Estetik, çirkinliği örtmek değil, insanlığı aşağılamak için icat edilmiş bir tuzak. Eskiden çirkinlik, karakterdi. Burun kemerliyse, “Bu burun tarih taşır!” derdik. Şimdi? “Törpület, kes, biç!” Yüzdeki her çizgi, her leke, her insanlık izi düşman konumuna düşürüldü.


Erkekler, kadınlardan daha da iğrençleşti. Göğüs kasları, kollar slikon, kalçalar dolgu. “Oğlum, sen ne ara bu hale geldin?” diyorsun, “Estetik, kral!” diyor, sırıtarak. Kral mı? Sen ancak estetik kliniklerinin soytarısısın!


Bu işin sonu nereye varır? Hepimiz aynı mı olacağız? Kaşlar aynı yay, dudaklar iğrenç sosis, kalçalar aynı şeftali. Klon ordusu gibi. Kimse kimseyi ayırt edemeyecek. “Ay, sen miydin Fatma, ben seni Ayşe sandım!” muhabbeti dönecek. Estetik klinikleri, “kişiselleştirilmiş yüz” paketleri satmaya başlar yakında. “Bu ayın modası: Kardashian kalçası, Jolie dudağı, Pitt çenesi. Hepsi sadece 50 bin dolar!” Bu ne rezillik, bu ne kepazelik! İnsanlık, kendi yüzünü, ruhunu, kimliğini satıyor, hem de gülerek.


Bir de çevre meselesi var. Hani, “toprak seni ayrıştırmayacak” diyorum ya, şaka değil. Bu silikonlar, botokslar, dolgular doğada çözünmüyor, ey ahmaklar! Bir gün arkeologlar, 21. yüzyıl Türk insanının kalıntılarını kazarken kemik yerine plastik bulacak. “Bu ne?” diyecekler, “Türklerde 2020’lerin kalça modası!” diye yazılı tarihten okuyacaklar.

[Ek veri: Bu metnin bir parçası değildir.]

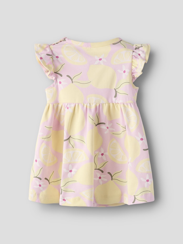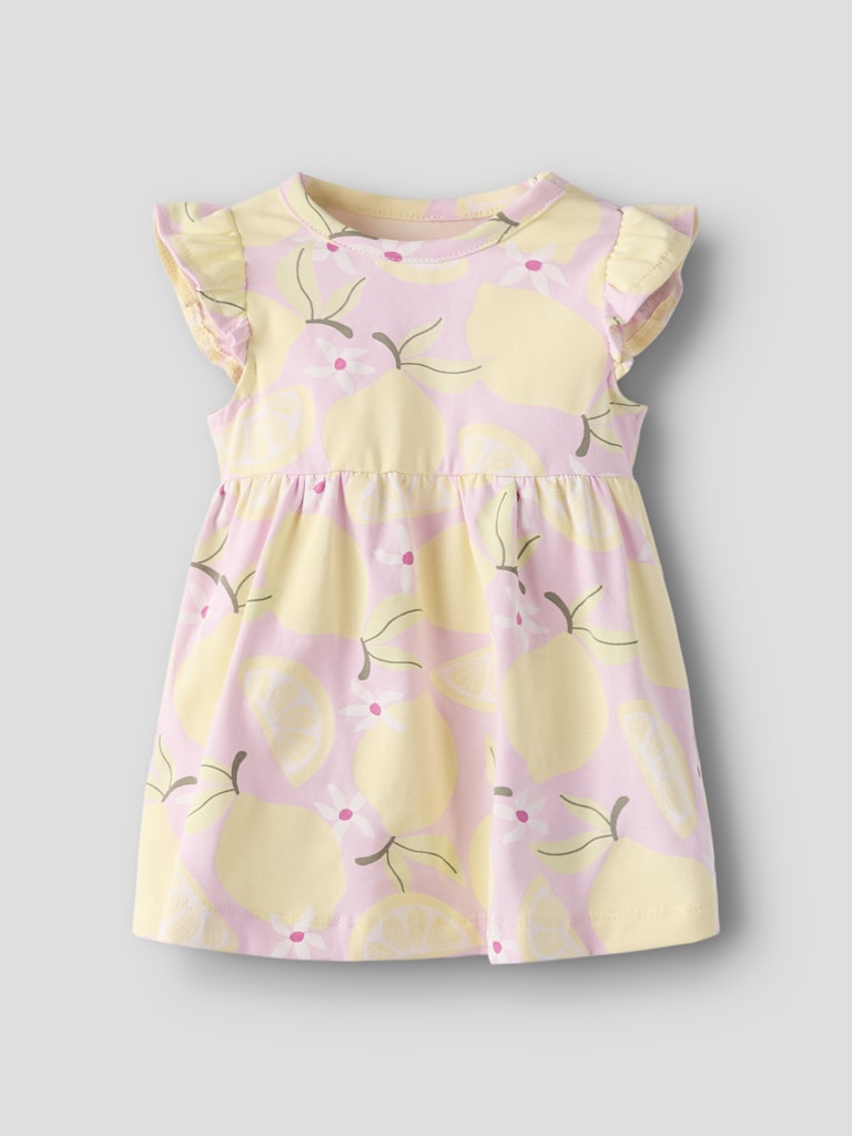 Mönstret är härliga citroner och den har fina korta volangärmar.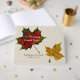 livre d'hôtes à thème mariage de automne réalisé en ivoire antique, avec des photos de deux feuilles d'automne colorées. Personnalisez le texte personnalisé pour votre mariage d'automne.
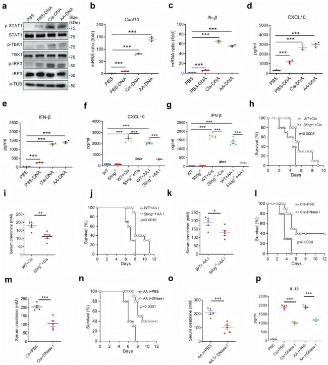 研究人員進一步探究了氧化自身DNA是否通過激活STING信號通路來加劇AKI的進展。他們發(fā)現(xiàn),AKI小鼠腎組織中STING信號通路相關(guān)蛋白的表達水平顯著升高,并且促炎細胞因子的mRNA水平也升高。在體外實驗中,氧化自身DNA刺激也顯著增加了STING信號通路相關(guān)蛋白的表達水平,并伴隨著Cxcl10和Ifn-β mRNA水平的升高以及CXCL10和IFN-β的過度分泌。此外,使用STING基因敲除小鼠進行實驗發(fā)現(xiàn),Sting−/−小鼠在注射順鉑和AAI后,CXCL10和IFN-β的分泌減少,生存率提高,血清肌酐水平降低。然而,抑制STING通路僅適度改善了AKI小鼠的生存率和腎損傷。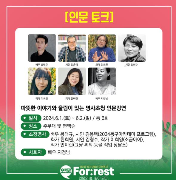 인문토크는 축제 주무대 광장과 편백숲에서 진행되며, 광주를 대표하는 대중예술인 배우 지정남이 사회자로 나선다.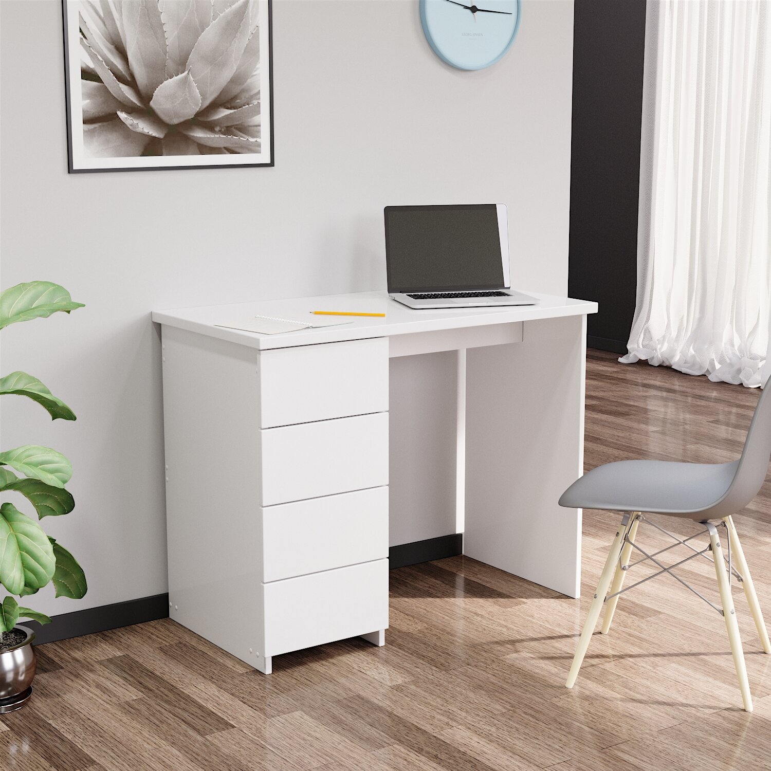10 цен на Стол письменный Белый с 4 ящиками школьный, компьютерный игровой стол, рабочий стол для ноутбука 95*50*75

Estetik şirketleri, bu aptallığın en büyük kazananları. Her köşede bir klinik. Aynı berber dükkanları, pardon kuaför gibi. “Hafta sonu ne yapalım?” “Botoks yaptıralım!” muhabbeti normalleşti. İnsanlar, ruhlarını bu kliniklere teslim ediyor. Peki, bu çılgınlığın sonu ne?


Hepiniz birer plastik kuklasınız! Ve dediğim gibi bu toprak sizi kabullenmeyecek, sizi sarmalamayacak; ayrıştırmayacak. Çünkü siz zaten insanlıktan çıktınız. Bizden sonraki nesillere birer rezillik ucubesi “ibretlik kalıntı” olarak kalacaksınız.